Endocrine and Metabolic Science (Mar 2024)
Congenital hypopituitarism in familial Turner syndrome cases caused by a highly prevalent PROP1 gene mutation in Tunisia
Abstract
Background: Turner syndrome (TS) is a genetic disorder found only in females who are completely or partially missing an X chromosome. It is rarely inherited from parent to offspring and is not reported to be associated with any causal gene. In addition, familial forms are less frequent than sporadic ones. A Tunisian family with four girls affected by TS showed an unusual association with congenital hypopituitarism among three of them. Objectives: Conduct a genetic investigation by exploring the PROP1 gene genomic sequence to identify a possible causal variant explaining the simultaneous presence of the TS and the congenital hypopituitarism in the family.

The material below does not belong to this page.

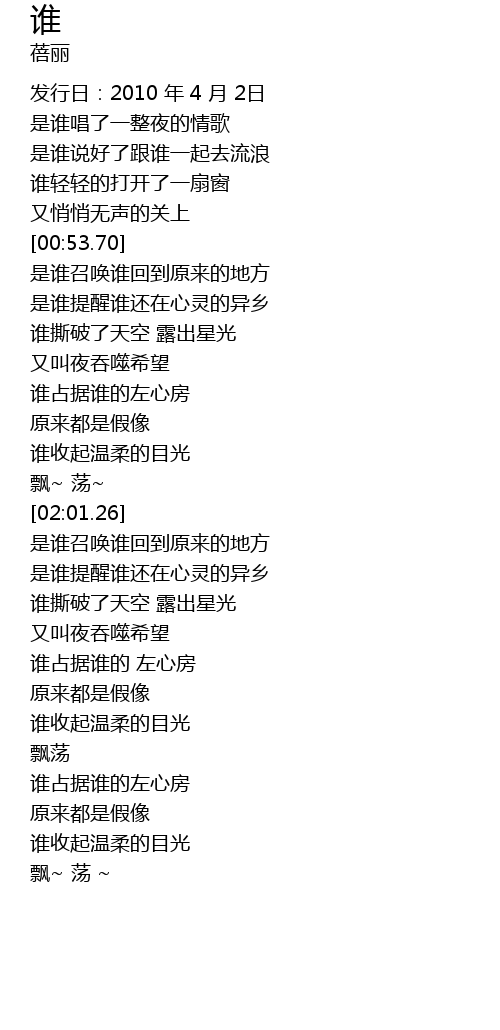 | [00:58.05] | 是谁召唤谁回到原来的地方 |

Methods: The coding regions of the gene and their flanking introns are Sanger sequenced among four sisters and their mother and compared to the reference sequences. Results: Sequences analysis showed the presence of the PROP1 gene mutation p.Arg73Cys (rs121917843), the most frequent Maghrebian defect responsible for non-syndromic combined pituitary hormone deficiency. The girls with both TS and congenital hypopituitarism were homozygous. However, the sister who was affected by TS only and their healthy mother were heterozygous. Conclusion: Our findings showed that the uncommon association between TS and congenital hypopituitarism is a random event caused by the high frequency of the PROP1 p.Arg73Cys mutation and the high level of consanguinity in the Tunisian population.